Now her husband has retired to live in Surabaya, Doni teaches home economics at a vocational school. Next year she’ll go to Suriname (the South American republic and former Dutch colony) to teach the descendants of Indonesian laborers the elaborate make-up arts used in Javanese weddings.

Doni said life for village women was hard. They were expected to do all the domestic chores, care for the family and earn money.

One of the things they could not do was refuse their husbands’ sexual demands.

“In Javanese culture each gender has its responsibility,” Doni said. “It’s just expected. It’s not ordered. It’s automatic. The pressures are social.

“There are no rape-in-marriage laws in Indonesia and it’s impossible that a wife could refuse sex however tired she might be. It’s her role to obey – she can’t plead a headache!

“I once asked a group of men: ‘When you wake up in the morning do you ever fold the blanket?’ Not one confessed to ever doing that simple job. It’s difficult to change the mindset of men and women. It’s happening, but slowly. Step-by-step. It depends on the individual.

“The old proverb banyak anak, banyak rejeki (many children, good fortune) no longer applies. Women know that a large family means low education and poverty. They fully understand the need for family planning.

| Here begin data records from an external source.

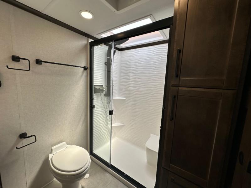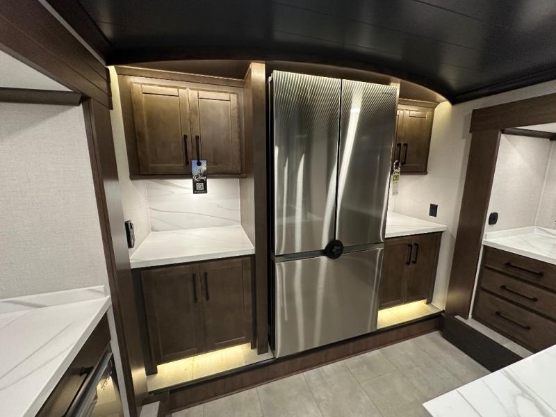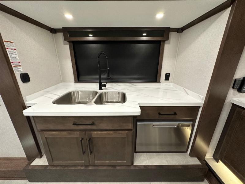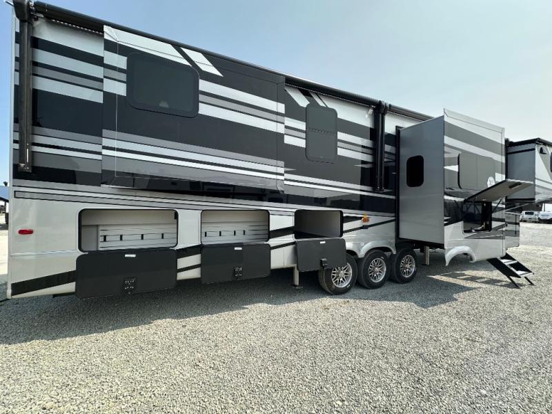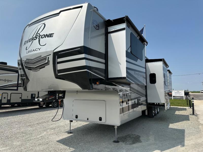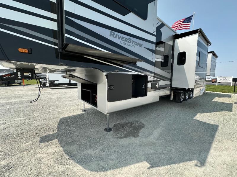 The Forest River RiverStone fifth wheels and toy haulers are luxurious units that have it all! You'll find an automatic six-point hydraulic level-up system to keep your unit in place, and there is preparation for a four-camera observation system. The TravlFi Journey XTR 4G/LTE router and WiFi extender will help you stay connected to the outside world, and you'll never have to overpack again since the Splendid “Astral” stackable washer and dryer will let you clean the small amount of clothes you've brought with you. Another high luxury is the Fischer Paykal dishwasher which will allow you to spend more time enjoying your camp life and less time cleaning up. Each unit is built with a LCI Road Armour suspension system, dual-pane frameless windows, a full docking station, a 200W solar panel, and a BMPro touch control system.
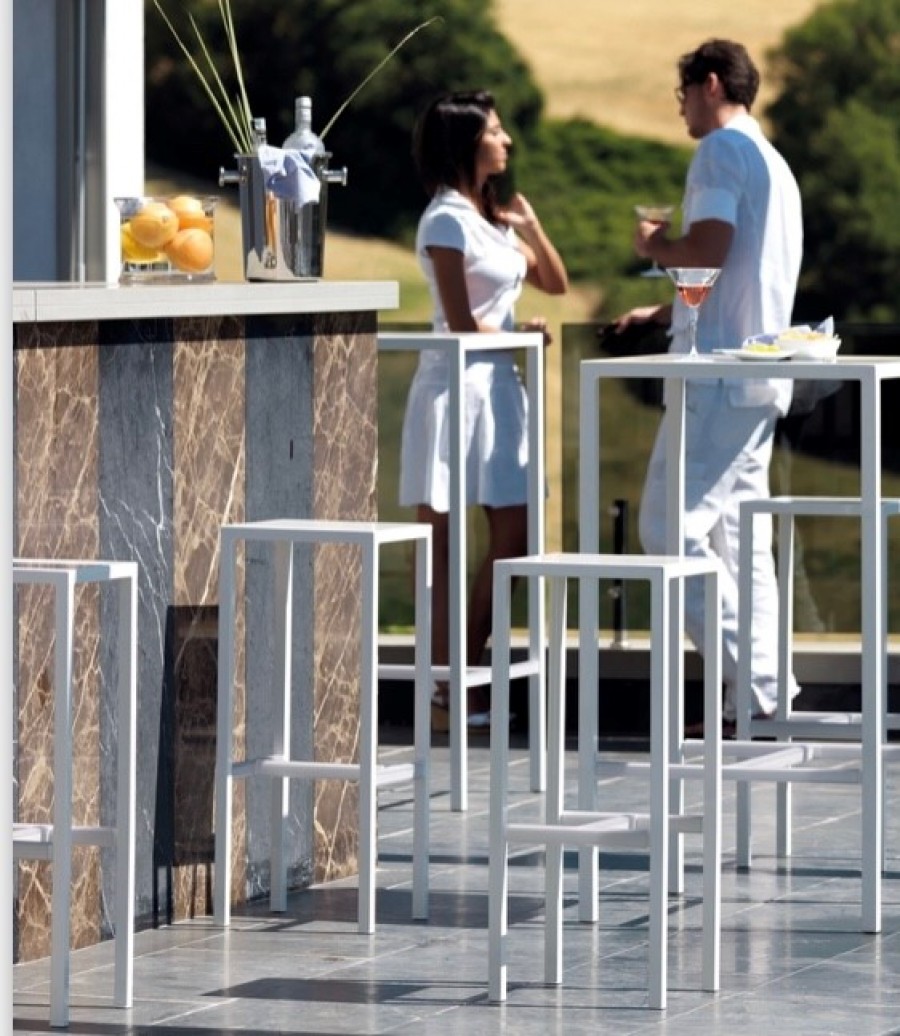 Sold As A Set of 4 Stools and Bar Height Table / Metal Powder Coated Treated For Salt and High Humidity Environments / Available In A Wide Choice Of Painted Finishes / For Heavy Contract and Outdoor Use / Stools Are Braced With Integrated Foot Rest / Table Braced All Round / Ideal For All Outdoor Poolside, Restaurants And Bar Areas
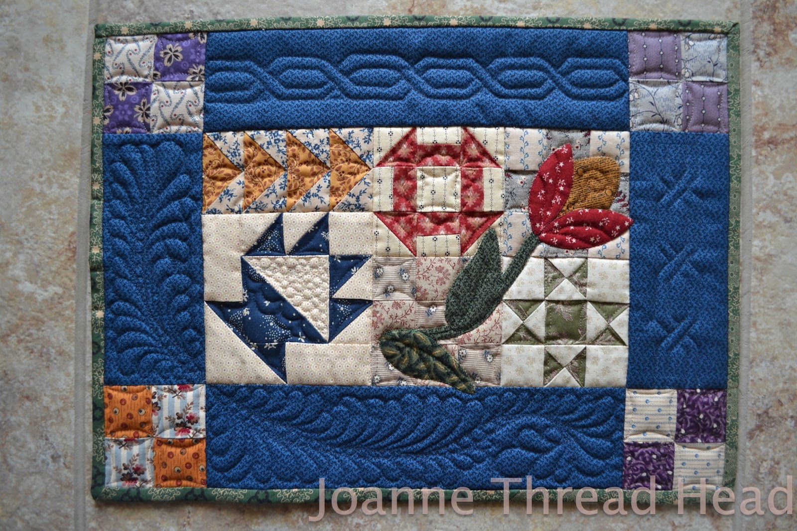 If you have never machine free motion quilted, now is the time to try - this is a small project and as a sampler quilt it is the time to try new things!

“Girls now marry older and teenage pregnancies are getting rare. Unfortunately marriages sometimes take place with a couple that’s related. They want to keep their land and other possessions in the family rather than share with outsiders.

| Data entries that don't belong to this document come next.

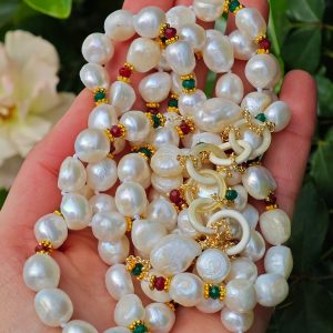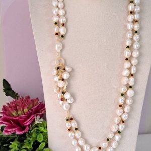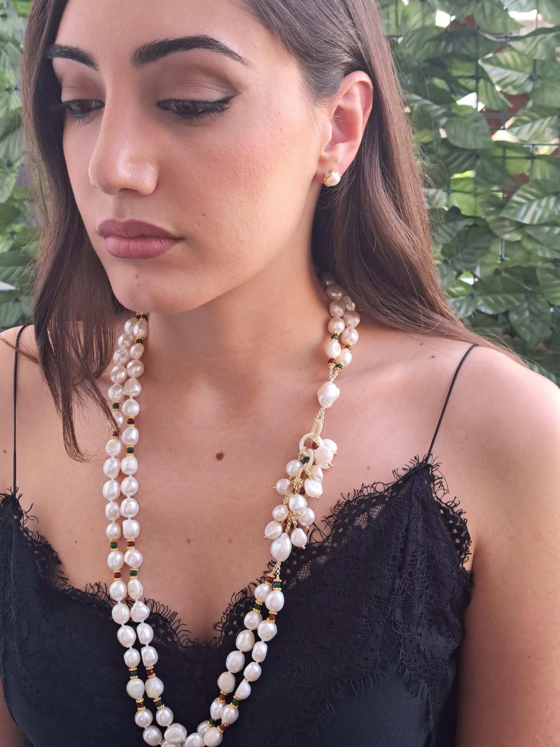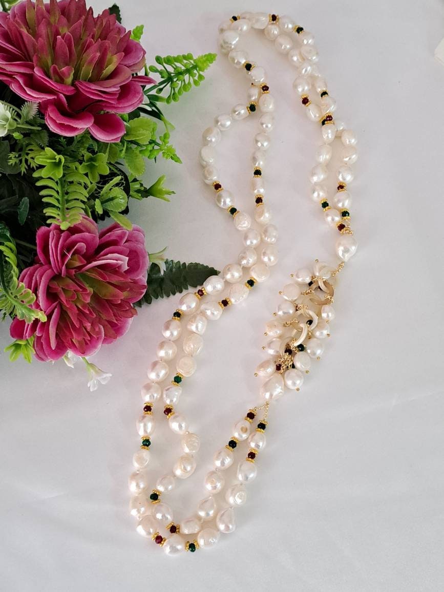 Collana perle barocche bianche con pietre dure , collana 2 fili, gioielli italiani
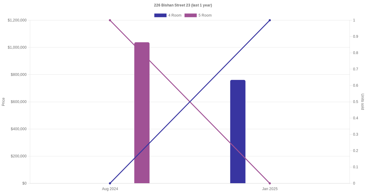 Below is a quick summary of the resale transactions volume and average price trends for the 4 room and 5 room units at 226 Bishan Street 23.
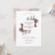 Elégante invitation de mariage avec des roses et feuilles rose pastel.
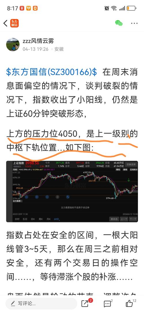 $东方国信(SZ300166)$ …上证指数进入震荡区域,,后面要留意5日线的得失,在5日线之上运行,那么盘面依然是轮动…… 在前面几天的帖子里面多次提到4050的压力位,今天恰巧60分钟触及4050点回落, 这就是中枢的作用,中枢的压力: 今天的最高点4050,,这也并不是什么精准,这是触及到了上一级别的中枢下轨的位置,而出现的盘面的分时三个小时的回落,,从60分钟结构看会很清晰: 如下图: 第...
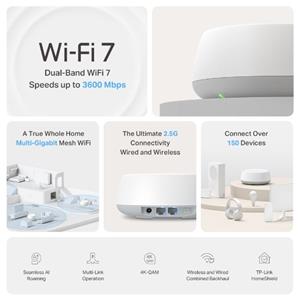 Bezdrátové Standardy *Wi-Fi 7 *IEEE 802.11be/ax/ac/n/a 5 GHz *IEEE 802.11be/ax/n/b/g 2,4 GHz Rychlost WiFi *BE3600 *5 GHz: 2882 Mbps (802.11be) *2,4 GHz: 688 Mbps (802.11be) Pracovní režimy * Režim routeru * Režim přístupového bodu Pokročilé funkce * Provoz s více linkami (MLO) *160 MHz kanál *4K-QAM *Více RU *Funguje s Alexou a Google Assistant
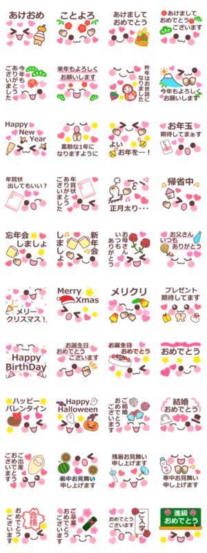 顔文字で❤️年間イベント&おめでとう! スタンプ画像一覧
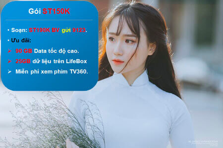 Đăng ký gói cước ST150K Viettel bạn sẽ có ngay 3GB mỗi ngày chỉ với 150.000đ/tháng. Soạn tin theo cú pháp: ST150K DY gửi 290, bạn có cơ hội đăng ký thành công gói cước. Ưu đãi của gói 4G này chưa dừng lại ở đó. Sau khi đăng ký thành công gói ST150K bạn còn được hưởng ưu đãi miễn phí data khi truy cập vào ứng dụng TV360 trong suốt 30 ngày.
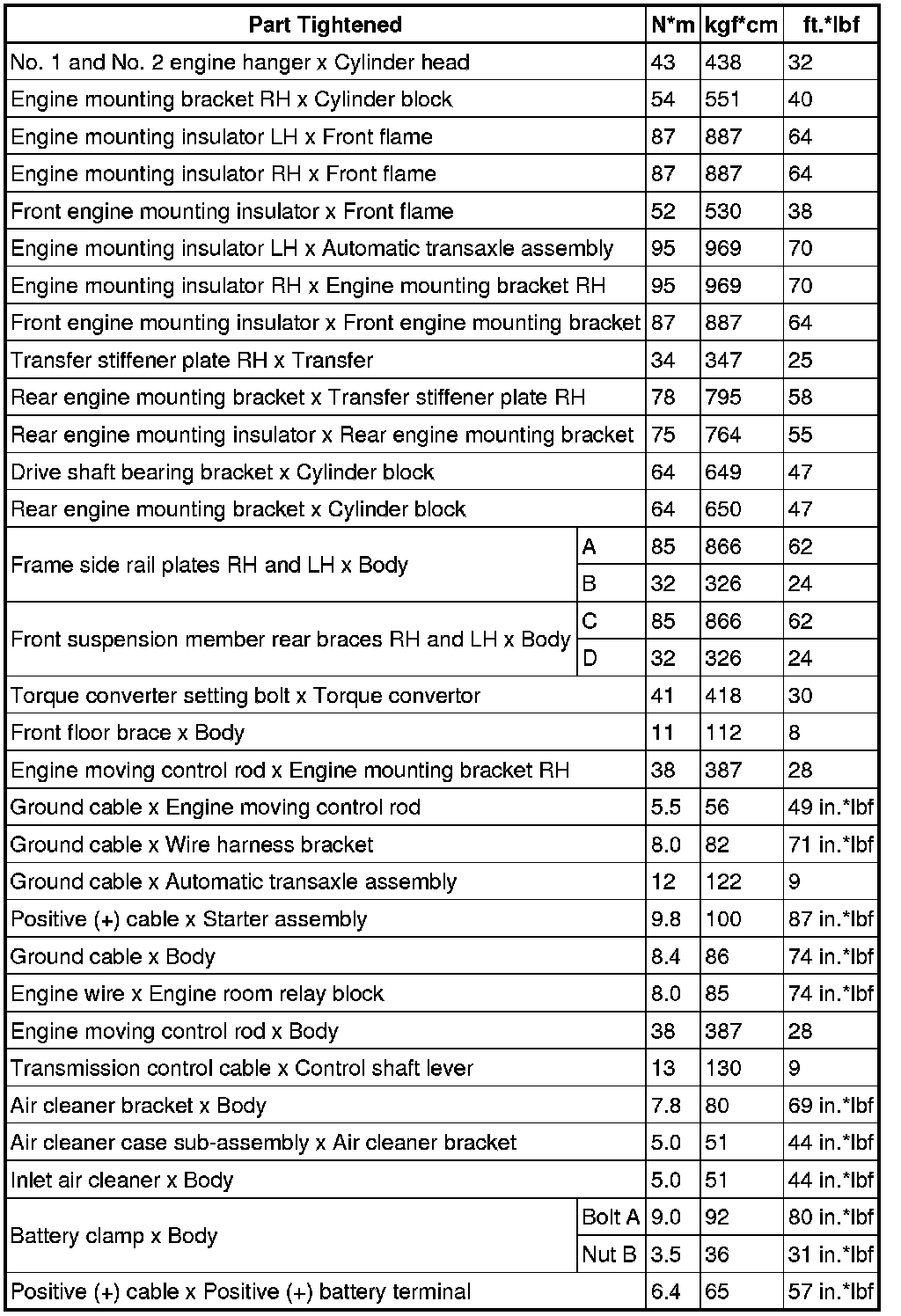 SPECIFICATIONS: 1AR-FE ENGINE MECHANICAL: TORQUE SPECIFICATIONS
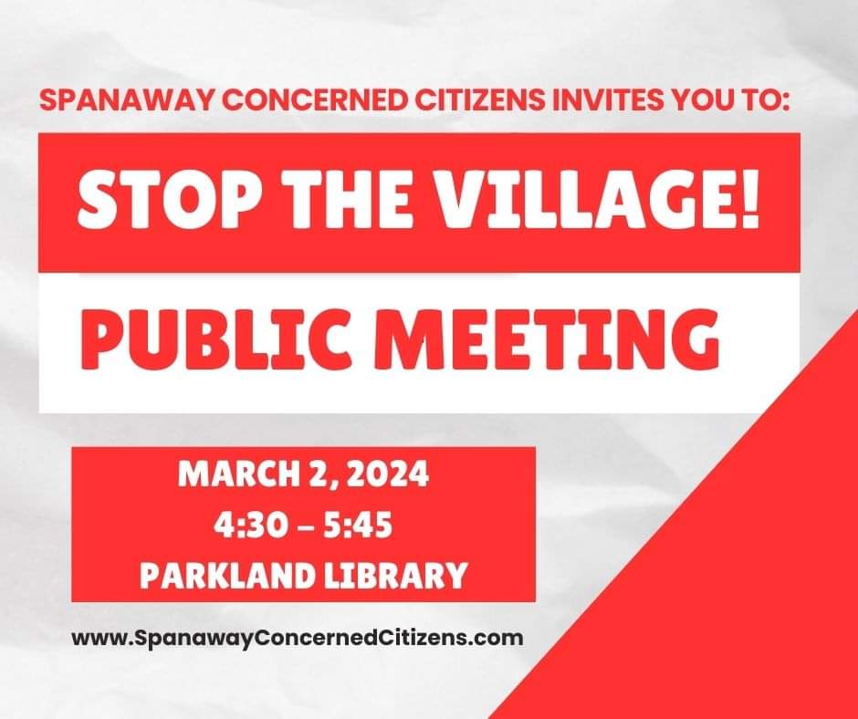 Bring your questions, bring your friends & neighbors and help us STOP THE VILLAGE!

“This can lead to children being born with handicaps like deafness, and birth defects.

“Money is status. It helps give women independence so if there’s a dispute in the marriage she no longer fears being kicked out and becoming destitute. However some estranged couples stay together, maybe sleeping in separate rooms, to preserve the social conventions. Divorced women still have status problems.

“Close communal living also puts constraints on domestic violence because it’s difficult to hide from neighbors.

“Working with the local government we introduced a credit scheme where families were able to borrow Rp 1 million (US $110) to start home enterprises. The annual interest was about one per cent. This was a success.

“Things are now much better than ten years ago. The quality of life for the women and their families has improved. One woman has become the first from Karangsemi to get a university education.

“Village women have a strong work ethic, but they suffer many cultural and social constraints. They need encouragement from the wider society along with moral and material support to help them feel more confident.

“Many things still need to be done. Next time you go to a shopping mall look in the up-market boutiques.

“You’ll see handicrafts priced for Rp 400,000 (US $44). Maybe the women who made them have been paid only Rp 20,000 (US $2). They don’t have anyone who can promote their work.

“When I started doing this my friends asked why I was bothering. My husband had a good position and status. I didn’t need to work and study.

“But it’s my duty to share my education and knowledge with others.

“If we don’t do this our learning is like a big tree – but one which carries no fruit.”